Requirement
Pictures stay out; print the rest of the listing below exactly as it stands.

Collected data

########

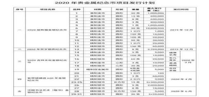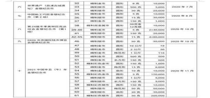 中国人民银行2020年贵金属纪念币项目发行计划共包括10个项目,61个品种。这10个项目是:2020版熊猫金银纪念币、2020年贺岁银质纪念币、2020吉祥文化金银纪念币、紫禁城建成600年金银纪念币、中国书法艺术(楷书)金银纪念币、世界遗产(良渚古城遗址)金银纪念币、中国能工巧匠金银纪念币(第2组)、第24届冬季奥林匹克运动会金银纪念币(第1组)、2020北京国际钱币博览会银质纪念币、2021中国辛丑(牛)年金银纪念币。
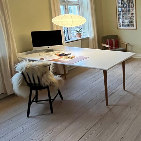 bord træ hvid med grøn bordplade
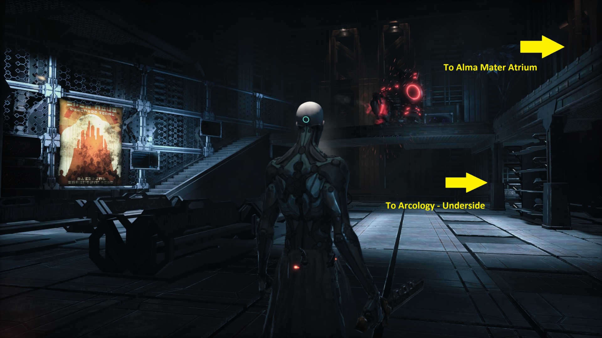 Let’s go back to Hellpoint‘s Ikari Walkways zone. Remember the room where you killed the Artillery boss? Make your way there. Go to the floor above that (the one leading to Alma Mater Atrium) and follow the corridor.
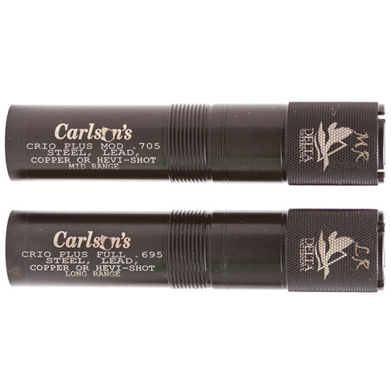 MID-RANGE & LONG RANGE CHOKE TUBES – Our Waterfowl Extended Choke Tubes are manufactured from 1704 stainless steel and designed to throw tighter and denser patterns than conventional choke tubes. These choke tubes feature a 25% longer parallel section in the choke thus throwing more consistent patterns. Each choke tube is knurled on the end to allow for quick and easy removal. Each choke tube has the constriction and size laser marked on the end and body for easy reference. – Steel shot may be used through these choke tubes with exceptional results. Do not shoot steel shot larger than BB or any steel load faster than 1550 FPS through the Long Range Constriction. Loads that exceed this size and speed should be used with the Mid Range choke tube. These chokes are backed by Carlson’s lifetime warranty.

########

Response to the task
 中国人民银行2020年贵金属纪念币项目发行计划共包括10个项目,61个品种。这10个项目是:2020版熊猫金银纪念币、2020年贺岁银质纪念币、2020吉祥文化金银纪念币、紫禁城建成600年金银纪念币、中国书法艺术(楷书)金银纪念币、世界遗产(良渚古城遗址)金银纪念币、中国能工巧匠金银纪念币(第2组)、第24届冬季奥林匹克运动会金银纪念币(第1组)、2020北京国际钱币博览会银质纪念币、2021中国辛丑(牛)年金银纪念币。
 bord træ hvid med grøn bordplade
 Let’s go back to Hellpoint‘s Ikari Walkways zone. Remember the room where you killed the Artillery boss? Make your way there. Go to the floor above that (the one leading to Alma Mater Atrium) and follow the corridor.
 MID-RANGE & LONG RANGE CHOKE TUBES – Our Waterfowl Extended Choke Tubes are manufactured from 1704 stainless steel and designed to throw tighter and denser patterns than conventional choke tubes. These choke tubes feature a 25% longer parallel section in the choke thus throwing more consistent patterns. Each choke tube is knurled on the end to allow for quick and easy removal. Each choke tube has the constriction and size laser marked on the end and body for easy reference. – Steel shot may be used through these choke tubes with exceptional results. Do not shoot steel shot larger than BB or any steel load faster than 1550 FPS through the Long Range Constriction. Loads that exceed this size and speed should be used with the Mid Range choke tube. These chokes are backed by Carlson’s lifetime warranty.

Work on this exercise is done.